A couple things that might help are (A) Giving the human a Kernel Flow or whatever and letting the AI access the data, and (B) Helping the inductive bias by running the AI on the same type of world-model data structure and inference algorithm as the human, and having it edit the model to get towards a place where its model and thought process exactly matches the human.
I’m weakly pessimistic that (A) would make much difference. I think (B) could help a lot, indeed I’m (weakly) hopeful that it could actually successfully converge towards the human thought process. And conveniently I also find (B) very technologically plausible.
So that’s neat. But we don’t have a superior epistemic vantage point anymore. So how do we quantilize? I figure, we can use some form of amplification—most simply, run the model at superhuman speeds so that it can “think longer” than the human on a given task. Or roll out different possible trains of thought in parallel, and ranking how well they turn out. Or something. But I feel like once we’re doing all that stuff, we can just throw out the quantilization part of the story, and instead our safety story can be that we’re starting with a deeply-human-like model and not straying too far from it, so hopefully it will remain well-behaved. That was my (non-quantilization) story here.
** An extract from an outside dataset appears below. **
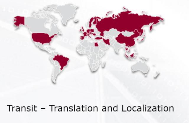 TRANSIT同时也是技术性翻译与在文字地化工作的专业软件,支援超过 100 种以上的语言格式,包括亚洲、中东以及东欧语系。广泛被应用于企业全球化作业程序。

Sorry if I’m still confused; I’m very interested in your take, if you’re not sick of this discussion yet. :)
I gave a formal mathematical definition of (idealized) HDTL, so the answer to your question should probably be contained there. But I’m not entirely sure what it is since I don’t entirely understand the question.
The AI has a “superior epistemic vantage point” in the sense that, the prior ζ is richer than the prior that humans have. But, why do we “still have the whole AGI alignment / control problem in defining what this RL system is trying to do and what strategies it’s allowed to use to do it”? The objective is fully specified.
A possible interpretation of your argument: a powerful AI would have to do something like TRL and access to the “envelope” computer can be unsafe in itself, because of possible side effects. That’s truly a serious problem! Essentially, it’s non-Cartesian daemons.
Atm I don’t have an extremely good solution to non-Cartesian daemons. Homomorphic cryptography can arguably solve it, but there’s large overhead. Possibly we can make do with some kind of obfuscation instead. Another vague idea I have is, make the AI avoid running computations which have side-effects predictable by the AI. In any case, more work is needed.
I don’t see why is it especially hard, it seems just like any system with unobservable degrees of freedom, which covers just about anything in the real world. So I would expect an AI with transformative capability to be able to do it. But maybe I’m just misunderstanding what you mean by this “approach number 2”. Perhaps you’re saying that it’s not enough to accurately predict the human actions, we need to have accurate pointers to particular gears inside the model. But I don’t think we do (maybe it’s because I’m following approach number 1).
Thanks, that was a helpful comment. I think we’re making progress, or at least I’m learning a lot here. :)
I think your perspective is: we start with a prior—i.e. the prior is an ingredient going into the algorithm. Whereas my perspective is: to get to AGI, we need an agent to build the prior, so to speak. And this agent can be dangerous.
So for example, let’s talk about some useful non-obvious concept, like “informational entropy”. And let’s suppose that our AI cannot learn the concept of “informational entropy” from humans, because we’re in an alternate universe where humans haven’t yet invented the concept of informational entropy. (Or replace “informational entropy” with “some important not-yet-discovered concept in AI alignment.)
In that case, I see three possibilities.
First, the AI never winds up “knowing about” informational entropy or anything equivalent to it, and consequently makes worse predictions about various domains (human scientific and technological progress, the performance of certain algorithms and communications protocols, etc.)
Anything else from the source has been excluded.